● EXERCISE: Your copy should repeat each record below exactly and contain no images.

Segment Start: DATA TO USE

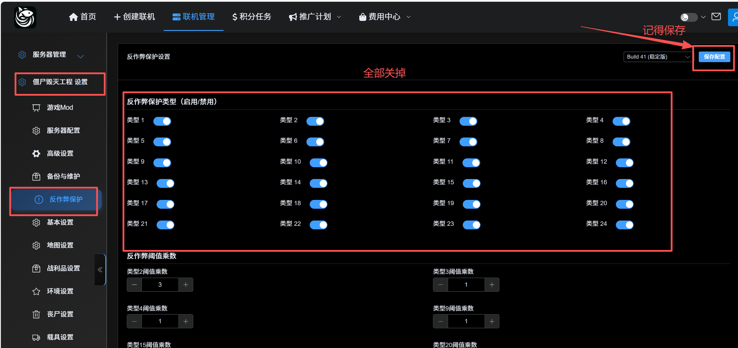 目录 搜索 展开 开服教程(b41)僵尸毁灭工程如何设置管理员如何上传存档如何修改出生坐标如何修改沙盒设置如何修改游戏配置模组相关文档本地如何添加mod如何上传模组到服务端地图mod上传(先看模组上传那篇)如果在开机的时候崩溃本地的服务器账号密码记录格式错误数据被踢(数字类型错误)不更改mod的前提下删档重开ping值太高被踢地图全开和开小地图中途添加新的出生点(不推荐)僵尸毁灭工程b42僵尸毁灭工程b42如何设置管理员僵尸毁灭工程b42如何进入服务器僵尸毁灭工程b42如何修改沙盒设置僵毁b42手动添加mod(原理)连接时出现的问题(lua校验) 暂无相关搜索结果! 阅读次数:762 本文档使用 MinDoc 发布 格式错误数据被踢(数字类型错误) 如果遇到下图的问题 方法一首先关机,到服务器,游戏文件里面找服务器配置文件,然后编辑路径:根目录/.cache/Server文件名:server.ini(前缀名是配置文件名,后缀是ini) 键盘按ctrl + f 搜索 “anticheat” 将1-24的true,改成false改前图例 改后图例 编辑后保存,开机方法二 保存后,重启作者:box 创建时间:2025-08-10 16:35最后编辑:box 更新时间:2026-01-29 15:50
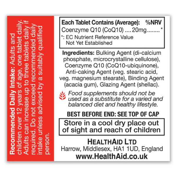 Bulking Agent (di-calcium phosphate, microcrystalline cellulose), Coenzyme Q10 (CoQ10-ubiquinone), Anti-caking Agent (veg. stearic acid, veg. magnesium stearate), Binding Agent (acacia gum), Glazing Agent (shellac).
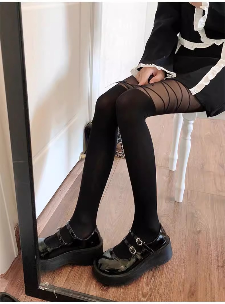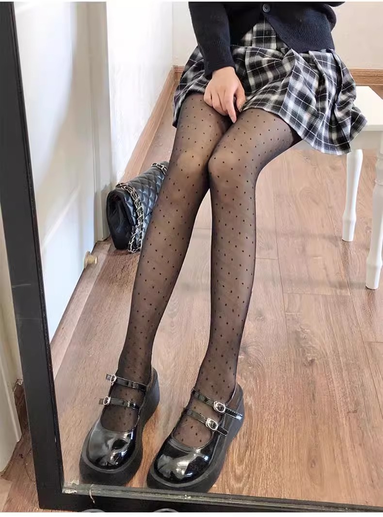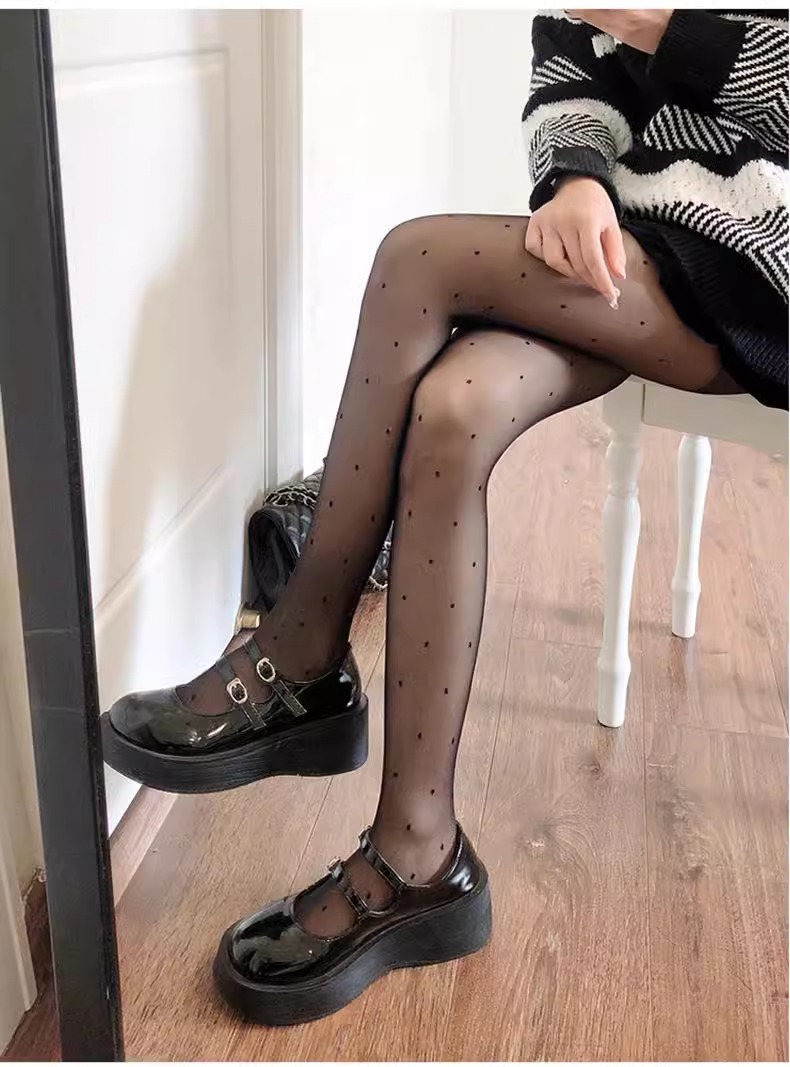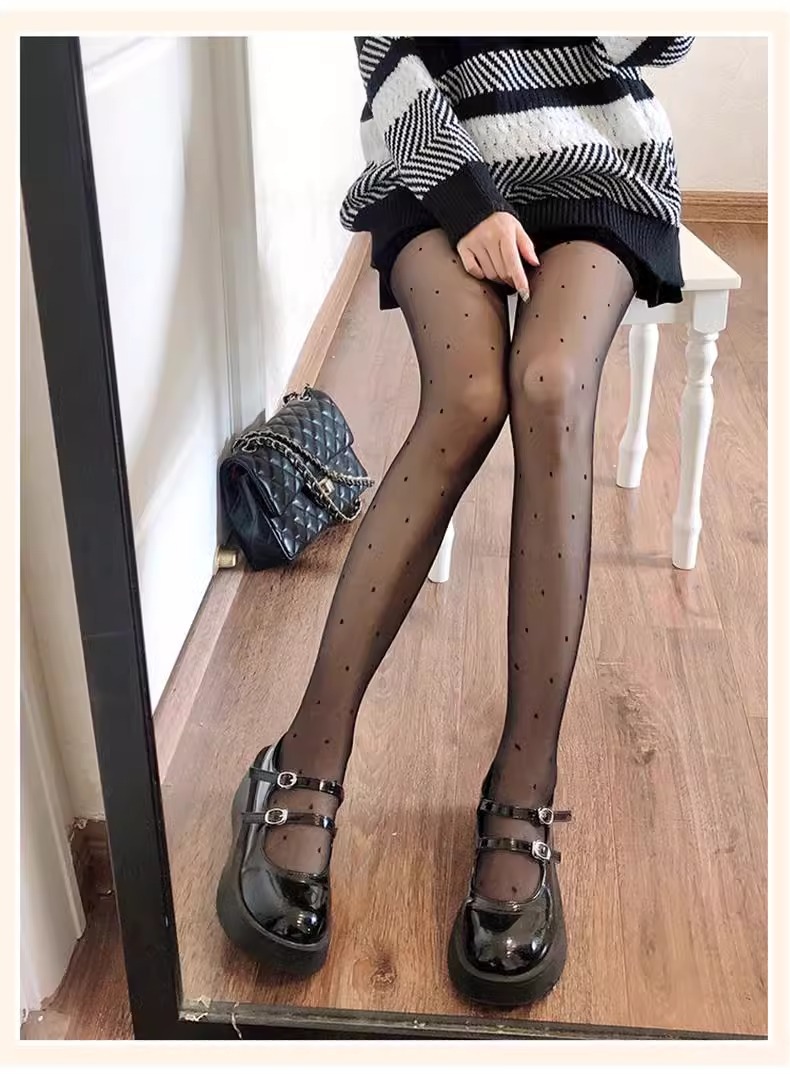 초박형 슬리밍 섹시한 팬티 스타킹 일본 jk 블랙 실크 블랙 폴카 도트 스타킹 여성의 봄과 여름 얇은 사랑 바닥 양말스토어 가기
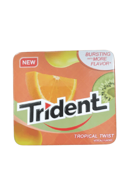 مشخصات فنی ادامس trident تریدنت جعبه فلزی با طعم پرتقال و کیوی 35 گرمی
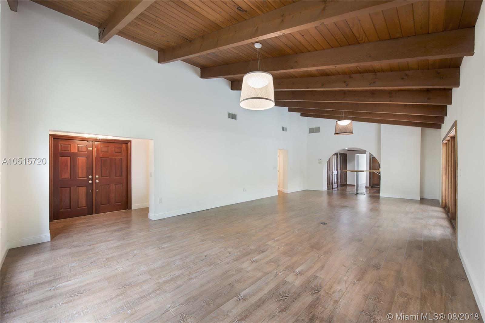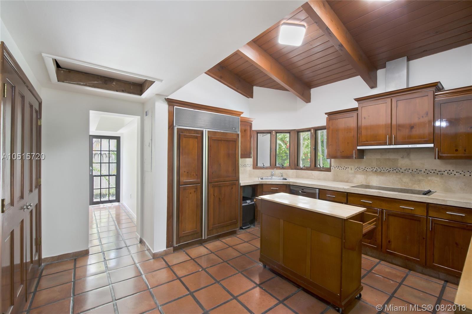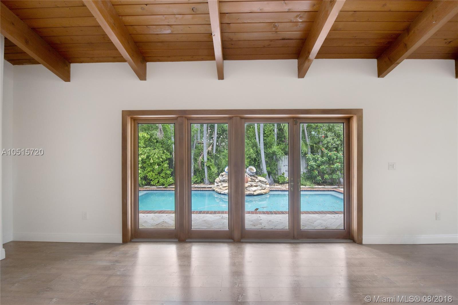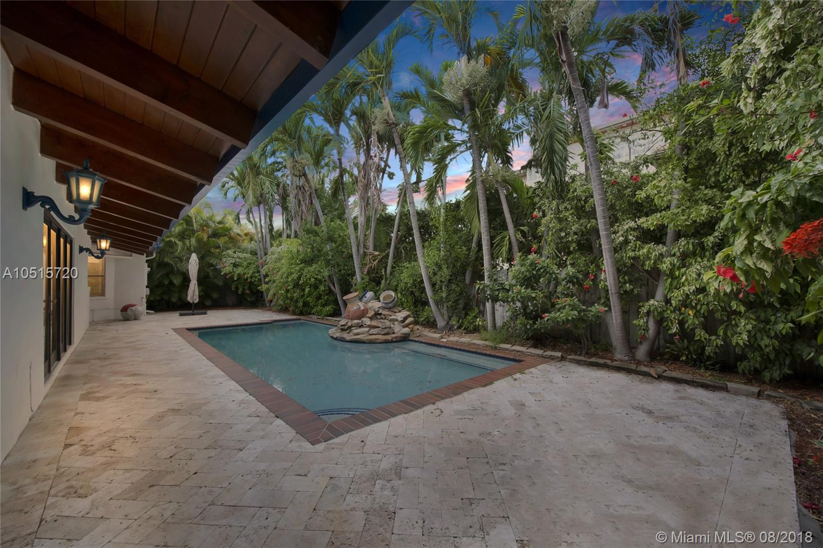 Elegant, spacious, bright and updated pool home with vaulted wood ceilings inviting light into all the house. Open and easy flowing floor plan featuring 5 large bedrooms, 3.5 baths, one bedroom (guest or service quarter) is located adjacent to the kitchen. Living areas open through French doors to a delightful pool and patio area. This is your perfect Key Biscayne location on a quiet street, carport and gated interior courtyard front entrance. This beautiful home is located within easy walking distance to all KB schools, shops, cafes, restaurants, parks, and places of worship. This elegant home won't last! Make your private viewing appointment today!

Segment End: DATA TO USE

● RESPONSE AREA:
 目录 搜索 展开 开服教程(b41)僵尸毁灭工程如何设置管理员如何上传存档如何修改出生坐标如何修改沙盒设置如何修改游戏配置模组相关文档本地如何添加mod如何上传模组到服务端地图mod上传(先看模组上传那篇)如果在开机的时候崩溃本地的服务器账号密码记录格式错误数据被踢(数字类型错误)不更改mod的前提下删档重开ping值太高被踢地图全开和开小地图中途添加新的出生点(不推荐)僵尸毁灭工程b42僵尸毁灭工程b42如何设置管理员僵尸毁灭工程b42如何进入服务器僵尸毁灭工程b42如何修改沙盒设置僵毁b42手动添加mod(原理)连接时出现的问题(lua校验) 暂无相关搜索结果! 阅读次数:762 本文档使用 MinDoc 发布 格式错误数据被踢(数字类型错误) 如果遇到下图的问题 方法一首先关机,到服务器,游戏文件里面找服务器配置文件,然后编辑路径:根目录/.cache/Server文件名:server.ini(前缀名是配置文件名,后缀是ini) 键盘按ctrl + f 搜索 “anticheat” 将1-24的true,改成false改前图例 改后图例 编辑后保存,开机方法二 保存后,重启作者:box 创建时间:2025-08-10 16:35最后编辑:box 更新时间:2026-01-29 15:50
 Bulking Agent (di-calcium phosphate, microcrystalline cellulose), Coenzyme Q10 (CoQ10-ubiquinone), Anti-caking Agent (veg. stearic acid, veg. magnesium stearate), Binding Agent (acacia gum), Glazing Agent (shellac).
 초박형 슬리밍 섹시한 팬티 스타킹 일본 jk 블랙 실크 블랙 폴카 도트 스타킹 여성의 봄과 여름 얇은 사랑 바닥 양말스토어 가기
 مشخصات فنی ادامس trident تریدنت جعبه فلزی با طعم پرتقال و کیوی 35 گرمی
 Elegant, spacious, bright and updated pool home with vaulted wood ceilings inviting light into all the house. Open and easy flowing floor plan featuring 5 large bedrooms, 3.5 baths, one bedroom (guest or service quarter) is located adjacent to the kitchen. Living areas open through French doors to a delightful pool and patio area. This is your perfect Key Biscayne location on a quiet street, carport and gated interior courtyard front entrance. This beautiful home is located within easy walking distance to all KB schools, shops, cafes, restaurants, parks, and places of worship. This elegant home won't last! Make your private viewing appointment today!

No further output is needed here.